WHAT WAS CLAIMED
Investment has fallen off a cliff under Labor.
OUR VERDICT
False. Official data shows investment has grown under Labor and hasn't experienced a sharp decline.
AAP FACTCHECK - A Liberal MP is falsely claiming investment has fallen off a cliff under Labor.
Official data shows investment has actually risen under the Albanese government and economists told AAP FactCheck there's no evidence of a sharp fall.
Shadow defence minister Angus Taylor made the claim in a Sky News interview in late October, arguing that Labor is presiding over "endless" environmental approvals.
"Investment has fallen off a cliff under Labor, and that includes, of course, the mining industry and other resource-based industries," Mr Taylor said during the interview.
"We need to make sure that we see investment increasing."

When asked for evidence for the claim, Mr Taylor's office pointed AAP FactCheck to a 2024 Minerals Council of Australia (MCA) analysis of major resource and energy projects that was featured in a press release.
Paraphrasing the release, Mr Taylor's office said the review found major mining projects were being "put in the too-hard basket because of Australia's deteriorating investment environment".
The press release claimed $68 billion worth of projects a year were dropping off the government's list of major resources and energy projects worth over $50 million.
It said Australia was missing out on potential investment, arguing a challenging investment environment had been created by "poor policy settings".
When asked for details of this analysis, the MCA supplied AAP FactCheck with a PowerPoint presentation.
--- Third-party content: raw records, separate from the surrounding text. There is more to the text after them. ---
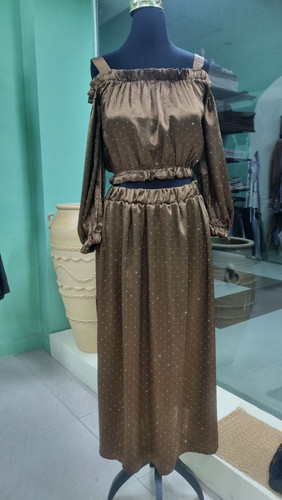 ست کراپ دامن ساتن نگینی مجلسی شیک برند manisa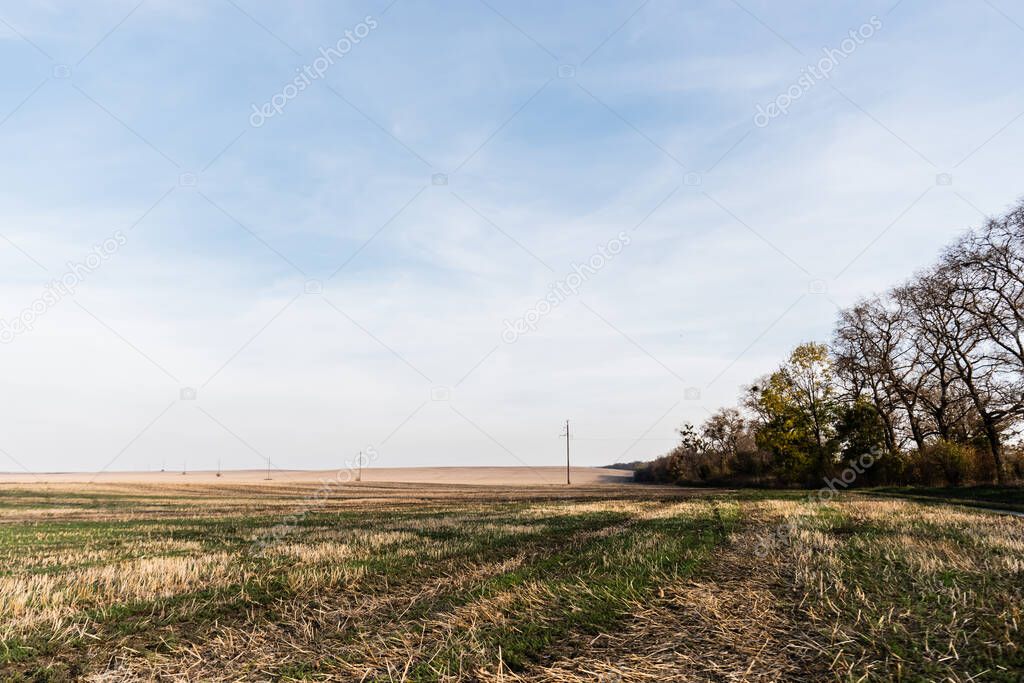 - grassy lawn, field and trees near power line against blue sky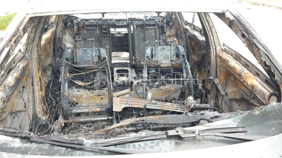 Según constataron los peritos policiales, el incendio fue intencional. Al parecer los quemacoches rompieron el vidrio del techo del auto y arrojaron un elemento con combustibles que provocó la explosión.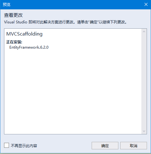 選擇實(shí)體框架(Entity Framework),然后點(diǎn)擊“安裝(Install)” 按鈕。 它將打開預(yù)覽對話框。

This showed it was looking at the period from 2013 to 2023 - a time largely covering the coalition's last term in office.

The figures were also based on the government's annual Resources and Energy Major Projects reports, which review the major resources and energy projects in Australia.
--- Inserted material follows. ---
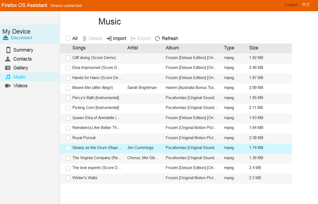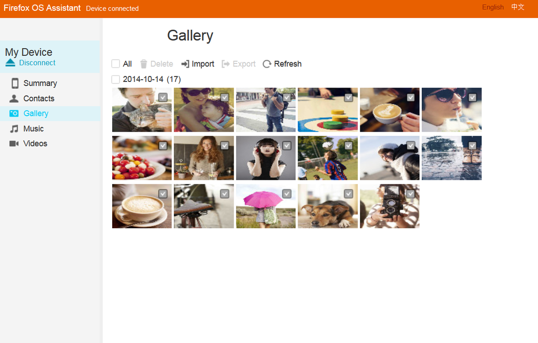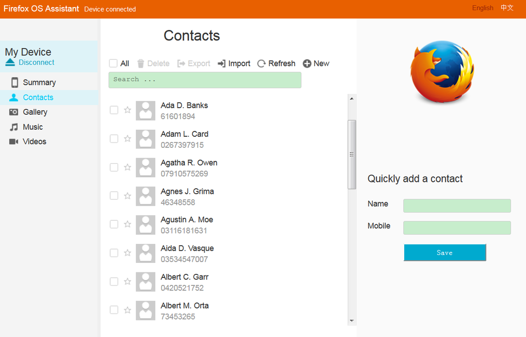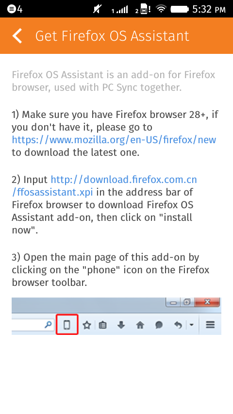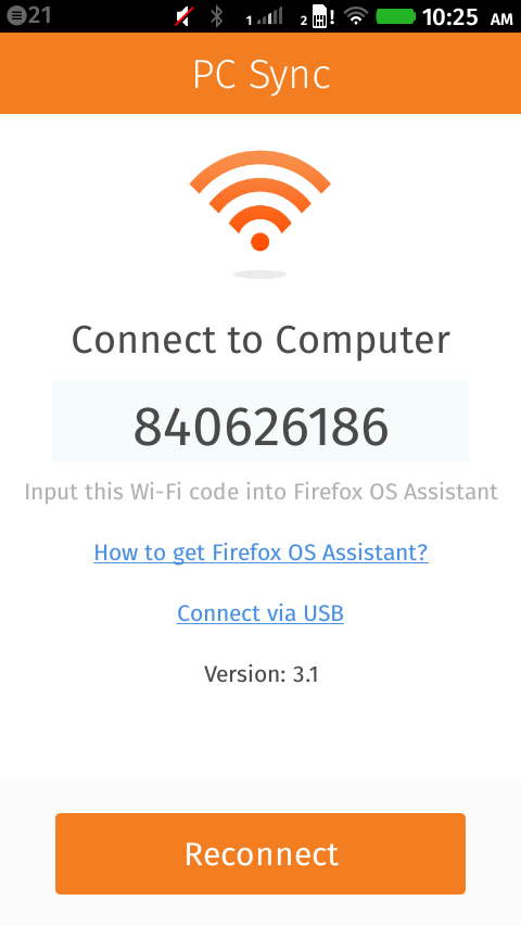 PC Sync is a light utility that allows you to manage your Firefox OS device from Firefox desktop browser via Wi-Fi or USB connection.The data transmission is only between mobile device and your computer. You are able to manage the contacts, photos, music and videos stored on your Firefox OS device easily. ****** Supported Version ****** Firefox OS v1.3+ Firefox browser v28.0+ Firefox OS Assistant v2.1.0+ In addition to installing the app on your Firefox OS device, you also need to install the Firefox OS Assistant add-on onto Firefox desktop browser. Please make sure you have the latest version of PC Sync app and Firefox OS Assistant add-on. Please find the add-on at http://download.firefox.com.cn/ffosassistant.xpi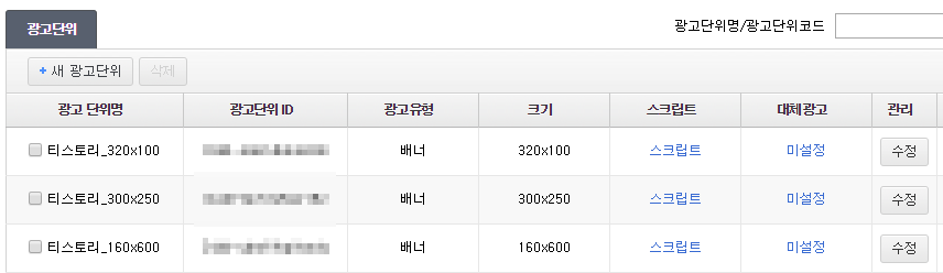 티스토리 상단 광고는 250x250와 728x90, 하단 광고는 728x90 , 사이드바 광고는 160x160 크기를 넣을 수 있으므로 동일한 순서로 광고 크기에 따라 필요한 개수만큼 만들어서 적용하면 된다.

While this tracks large investment proposals, it is not a measure of business investment across the economy.
The figures also examine tens of billions of dollars in projects at an early planning stage that may not necessarily proceed due to a range of factors (p25).
The Australian Bureau of Statistics (ABS) tracks investment in Australia through its quarterly dataset on new capital expenditure.
The figures show business investment has increased under Labor, growing at an average quarterly rate of 1.03 per cent between June 2022 and June 2025, although investment has plateaued over the last 18 months.
Mining sector investment specifically also increased over that time period, with an average quarterly growth rate of 0.49 per cent since Labor came to government, although investment has declined slightly over the last nine months.
Stella Huangfu, a macroeconomist at the University of Sydney, said figures for new capital expenditure were a good starting point for analysing investment, but should be read alongside a separate measure of investment called fixed capital formation for a more complete picture.
Private gross fixed capital formation has also risen under Labor, growing at an average quarterly rate of 1.58 per cent, according to figures from the ABS.
Associate Professor Huangfu said the claim that investment has fallen off a cliff is "overstated", with the data pointing to a flattening out in investment activity "rather than a collapse".
"Looking at recent data, business investment in Australia has not 'fallen off a cliff'," Dr Huangfu said.
"It has moved sideways over the past year - with some quarters showing modest growth and others small declines - but there's no evidence of a sharp fall."
Economist Saul Eslake said that non-mining investment was "fairly weak" between the Global Financial Crisis (GFC) in 2008/9 and the onset of COVID-19 in 2019/20, but has since picked up noticeably.
This was partly due to "a rush to digitise" during the pandemic and the more recent uptake of artificial intelligence (AI).
Jakob Madsen, a macro-economics expert at the University of Western Australia, said Mr Taylor's claim is mistaken and that investment, including in mining, hasn't fallen sharply under Labor, notwithstanding weaker growth over the past 18 months.
Professor Madsen told AAP FactCheck that investment growth picked up after the pandemic as growth rates rebounded from lockdowns and the share market went up.
He said key investment categories, including machinery and equipment, intellectual property and buildings and structures, have all grown since mid-2022.

Over the past 18 months that investment growth has slowed markedly, something Prof Madsen said is a reflection of the current business cycle that has seen interest rates rise to reduce inflation, causing economic growth to slow.
"There's nothing unusual in that… it's more serious when it [investment] starts to drop strongly - that's where the alarm bells come out," Prof Madsen said. "There's no reason for alarm."
The particularly large increase in business investment Australia experienced over the decade to 2014 is characterised by what economists often call the mining investment boom.
Business investment then fell in the following years from those historic highs as mining construction projects were completed, signalling an end to what the Grattan Institute said (p1) in 2013 was the "investment phase" of the boom.